→ **Task item**: Could you copy exactly the lines below, beginning at the line with "Disney (Disney) baby" and stopping after the line with "Learn moreSoft and", with no pictures?

→ **Source material**:
☆ ☆ ☆ ☆ ☆ ☆ ☆
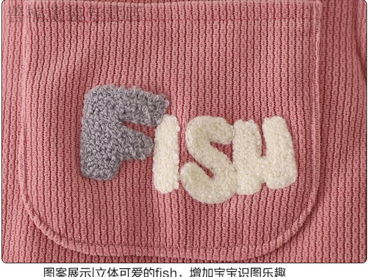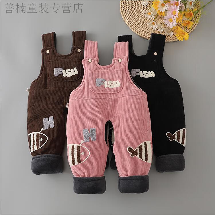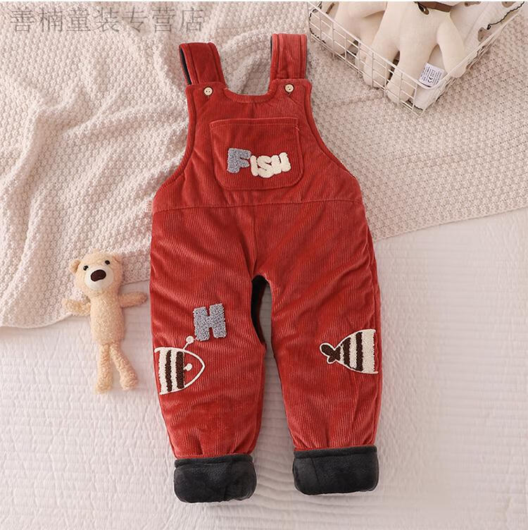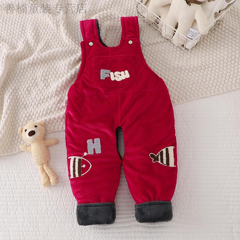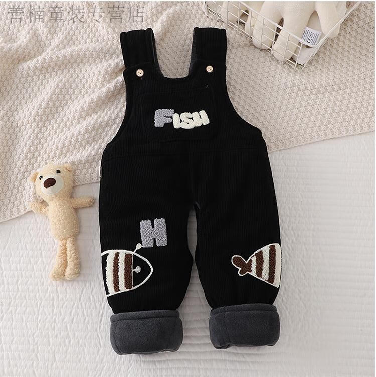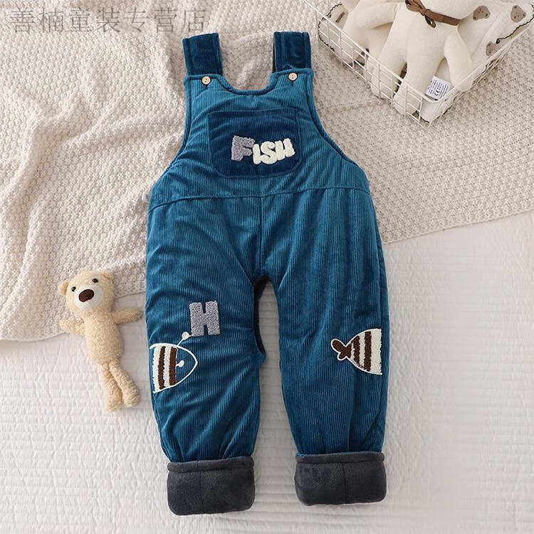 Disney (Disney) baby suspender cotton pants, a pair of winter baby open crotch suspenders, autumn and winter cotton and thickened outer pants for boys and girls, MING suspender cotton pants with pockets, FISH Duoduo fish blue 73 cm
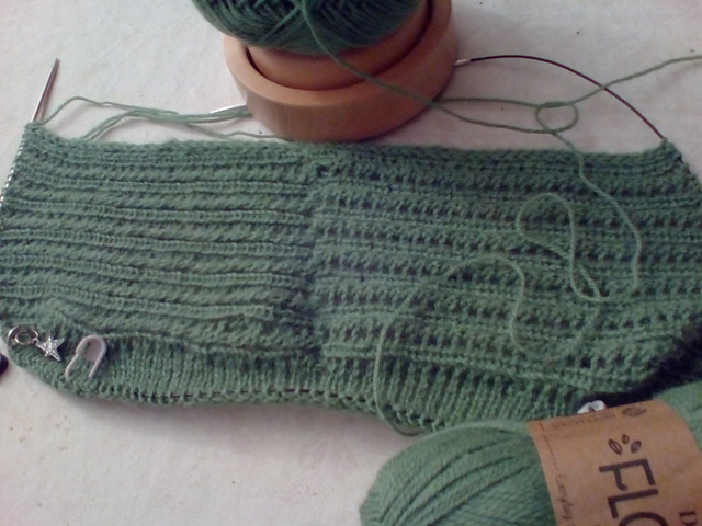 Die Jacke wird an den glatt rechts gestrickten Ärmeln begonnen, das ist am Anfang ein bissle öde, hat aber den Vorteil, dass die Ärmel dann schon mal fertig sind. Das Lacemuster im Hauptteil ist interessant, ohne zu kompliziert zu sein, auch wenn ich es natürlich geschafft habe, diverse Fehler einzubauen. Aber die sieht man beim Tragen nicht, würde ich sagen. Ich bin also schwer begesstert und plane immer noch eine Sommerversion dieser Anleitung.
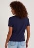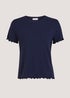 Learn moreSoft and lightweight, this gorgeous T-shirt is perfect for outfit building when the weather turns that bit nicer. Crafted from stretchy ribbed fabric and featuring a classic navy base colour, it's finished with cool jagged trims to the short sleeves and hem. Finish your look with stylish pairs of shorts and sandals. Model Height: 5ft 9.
☆ ☆ ☆ ☆ ☆ ☆ ☆
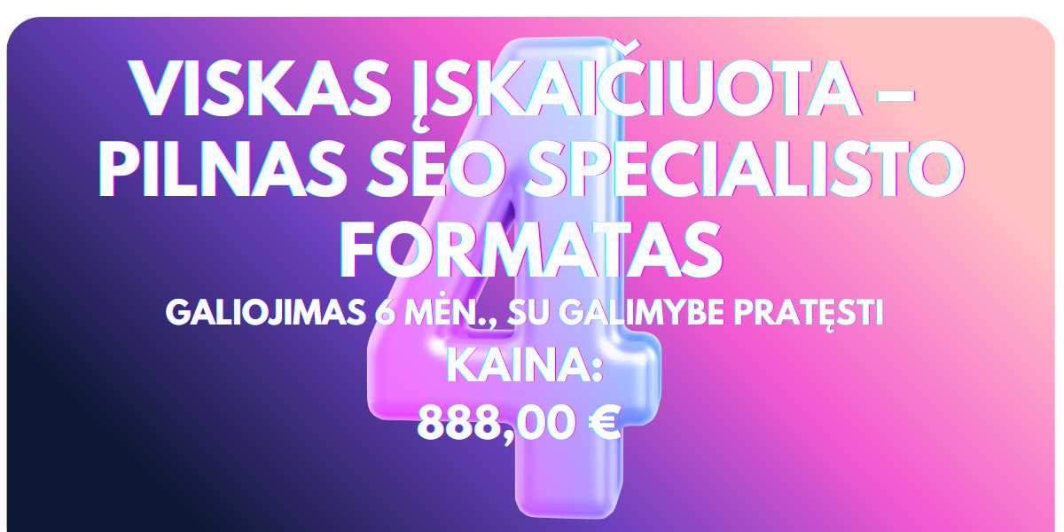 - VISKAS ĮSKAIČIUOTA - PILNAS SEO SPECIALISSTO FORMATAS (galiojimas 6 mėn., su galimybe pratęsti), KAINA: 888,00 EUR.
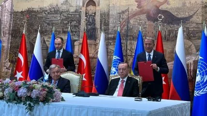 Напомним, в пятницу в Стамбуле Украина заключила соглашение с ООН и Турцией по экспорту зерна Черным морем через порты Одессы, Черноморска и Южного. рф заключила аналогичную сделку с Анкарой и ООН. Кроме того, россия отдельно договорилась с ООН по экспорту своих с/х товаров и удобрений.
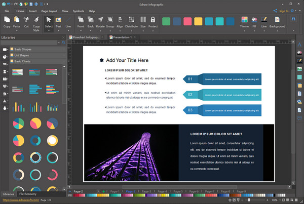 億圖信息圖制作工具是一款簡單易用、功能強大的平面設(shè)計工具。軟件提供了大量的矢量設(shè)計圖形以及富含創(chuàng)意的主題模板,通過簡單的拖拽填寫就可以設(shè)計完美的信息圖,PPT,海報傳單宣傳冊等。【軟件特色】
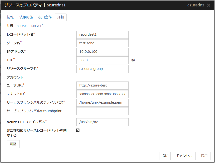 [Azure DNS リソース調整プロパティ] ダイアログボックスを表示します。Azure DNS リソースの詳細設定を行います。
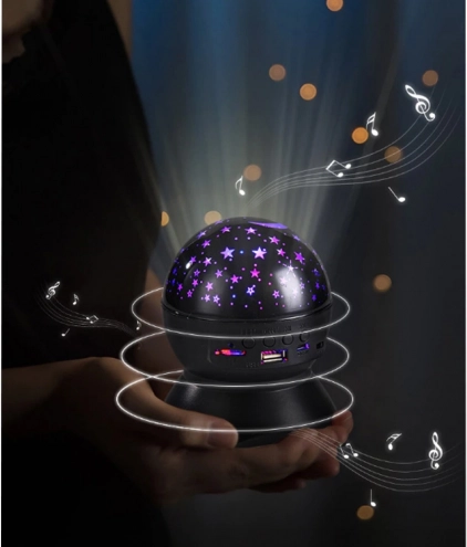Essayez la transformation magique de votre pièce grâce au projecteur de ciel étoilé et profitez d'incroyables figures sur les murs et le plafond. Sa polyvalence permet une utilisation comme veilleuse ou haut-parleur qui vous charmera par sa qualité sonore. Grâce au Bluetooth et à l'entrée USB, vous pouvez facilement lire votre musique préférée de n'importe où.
☆ ☆ ☆ ☆ ☆ ☆ ☆
→ **Response below**:
 Disney (Disney) baby suspender cotton pants, a pair of winter baby open crotch suspenders, autumn and winter cotton and thickened outer pants for boys and girls, MING suspender cotton pants with pockets, FISH Duoduo fish blue 73 cm
 Die Jacke wird an den glatt rechts gestrickten Ärmeln begonnen, das ist am Anfang ein bissle öde, hat aber den Vorteil, dass die Ärmel dann schon mal fertig sind. Das Lacemuster im Hauptteil ist interessant, ohne zu kompliziert zu sein, auch wenn ich es natürlich geschafft habe, diverse Fehler einzubauen. Aber die sieht man beim Tragen nicht, würde ich sagen. Ich bin also schwer begesstert und plane immer noch eine Sommerversion dieser Anleitung.
 Learn moreSoft and lightweight, this gorgeous T-shirt is perfect for outfit building when the weather turns that bit nicer. Crafted from stretchy ribbed fabric and featuring a classic navy base colour, it's finished with cool jagged trims to the short sleeves and hem. Finish your look with stylish pairs of shorts and sandals. Model Height: 5ft 9.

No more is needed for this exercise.